OPINIE - Naar aanleiding van dit stukje, waarin ik beschreef hoe stinkend rijke topmannen van grote Amerikaanse tech-bedrijven onderling illegale afspraken maakten om de lonen van hun werknemers zo laag mogelijk te houden, zou je kunnen gaan denken dat dit soort praktijken het gevolg is van ordinaire hebzucht.
Steve Jobs, de man van 8,3 miljard, had nog niet genoeg en wilde méér en méér.
En zo past Jobs’ vermeende hebzucht prima in het dubbele cliché van de hebzuchtige rijke en de luie arme; bij het idee dat iemands morele instelling de oorzaak is van de sociaaleconomische positie waarin hij of zij uiteindelijk terecht komt.
Hiermee houden we onszelf echter voor de gek.
Een paper van Mathilde Almlund e.a. concludeert onder meer:
Measured personality traits […] are not fixed and can be altered by experience and investment.
Hoewel persoonlijkheidskenmerken (en dus ook bijvoorbeeld hebzucht en luiheid) wel degelijk effect hebben op sociaal-economische uitkomsten, zijn dit zaken die – in tegenstelling tot intelligentie – kunnen worden aan- of afgeleerd.

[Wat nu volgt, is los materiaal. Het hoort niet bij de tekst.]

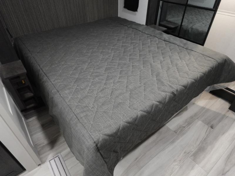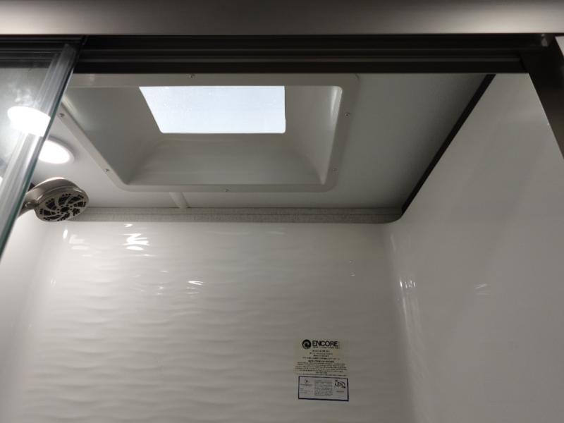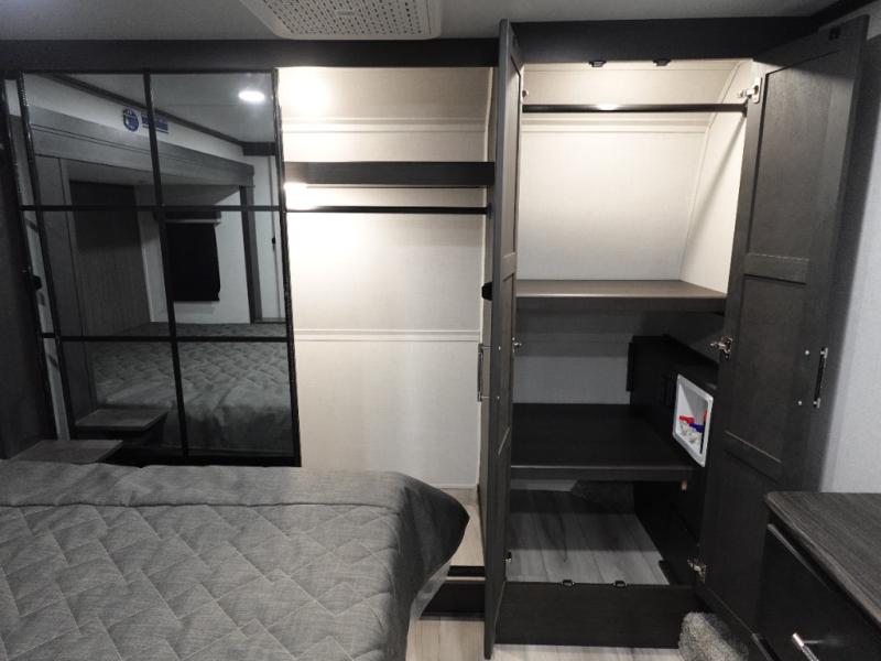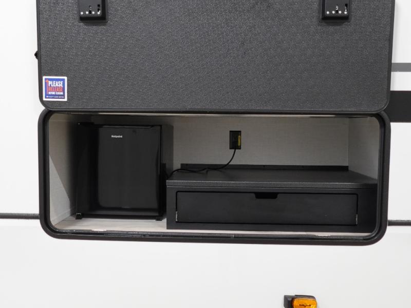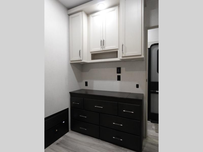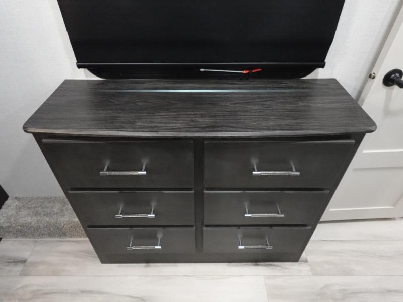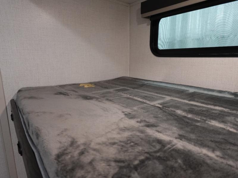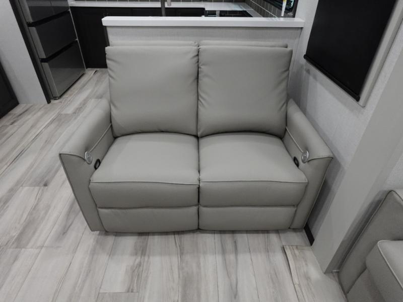 The whole gang will love camping in this fifth wheel since there is space for everyone! A front master bedroom includes a king bed slide out, master closet. Your guests or little ones will love the middle bunkhouse with a flip bunk above a hide-a-bed sofa, along with a pull-out table and storage space. Everyone can meet in the living area which features dual opposing slides for more space, theater seating, a sleeper sofa, and a U-shaped dinette, providing even more sleeping space. And check out the rear kitchen with its wrap-around counter space, Furrion appliances, and large pantry to keep snacks stocked!

Of in de woorden van Adam Smith:
The difference of natural talents in different men is, in reality, much less than we are aware of; and the very different genius which appears to distinguish men of different professions, when grown up to maturity, is not upon many occasions so much the cause, as the effect of the division of labour. The difference between the most dissimilar characters, between a philosopher and a common street porter, for example, seems to arise not so much from nature, as from habit, custom, and education. When they came into the world, and for the first six or eight years of their existence, they were perhaps, very much alike, and neither their parents nor playfellows could perceive any remarkable difference.